According to the Xerces documentation the internal representation of strings is
UTF-16. When I tried Xerces on OS X where XMLCh is defined as a uint_16 and try
to convert from the current locale („de-DE“) to an XMLCh string representation
by:
char const* inputSource = "\U0001F600";
XMLCh* outputCharacter = XMLString::transcode(inputSource);
This obviously does not work. The output is one character with the value 62976.

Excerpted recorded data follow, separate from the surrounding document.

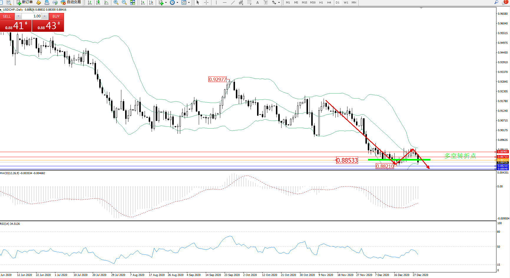 交易策略:0.88533下方看跌,目标0.88210、0.88048
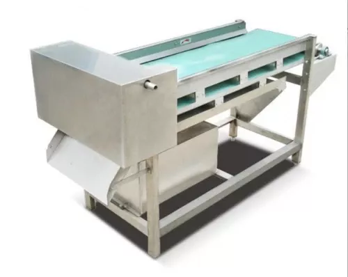 На траспортную ленту идет постоянная подача продукта, по траспортеру продукт попадает на дисковые ножи, где и происходит нарезка.
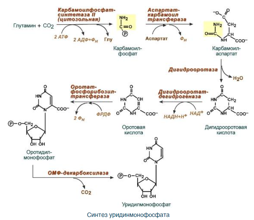 1) карбамоилфосфатсинтетазы, которая обеспечивает снабжение биосинтетического пути одним из первых субстратов — карбамоилфосфатом (этот пункт регуляции является основным у высших животных (млекопитающих), включая организм человека); аллостерическим ингибитором фермента является УТФ - конечный продукт биосинтетического пути; вместе с тем ФРПФ — интермедиат пуринового синтеза — увеличивает активность фермента, являющегося одним из механизмов обеспечения координированного синтеза пуринов и пиримидинов;
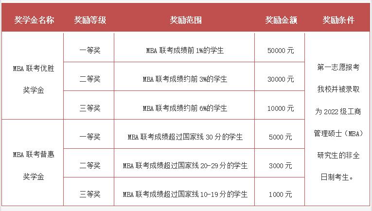 為了鼓勵優(yōu)秀人才攻讀非全日制工商管理碩士(MBA),培養(yǎng)更多品學(xué)兼優(yōu)的商界精英,北京交通大學(xué)MBA教育中心特設(shè)立MBA聯(lián)考優(yōu)勝獎學(xué)金、MBA聯(lián)考普惠獎學(xué)金。其獎勵范圍、獎金額度和獎勵對象如表二所示。2022級非全日制MBA新生獎學(xué)金評選辦法詳見后續(xù)通知。若有變動,均以具體通知為準。

Looking at the XMLString::transcode method (based on
IconvLCPTranscoder::transcode)it is obvious that it does not work because on OS
X:
- the size of wchar_t is 32 bit;
- XMLString::transcode copies the output of mbsrtowcs (wide characters of 32
bit into a 16 bit XMLCh buffer).
while(true)
{
size_t len = ::mbsrtowcs(tmpString + dstCursor, &src, resultSize -
dstCursor, &st); // len is based on 32 bit
if (len == TRANSCODING_ERROR)
{
dstCursor = 0;
break;
}
dstCursor += len;
if (src == 0) // conversion finished
break;
if (dstCursor >= resultSize - 1)
reallocString<wchar_t>(tmpString, resultSize, manager, tmpString !=
localBuffer);
}
// make a final copy, converting from wchar_t to XMLCh:
XMLCh* resultString = (XMLCh*)manager->allocate((dstCursor + 1) *
sizeof(XMLCh)); // result string is based on 16 bit
size_t i;
for (i=0; i<dstCursor; ++i)
resultString[i] = tmpString[i]; // 32 bit number is stored in 16 bit
number
Therefore, I have two questions:
1) is „configure“ wrongly configured to use for XMLCh a uint_16?
2) how will the result be converted in any case to a UTF-16 encoding?
Best regards,
Hartwig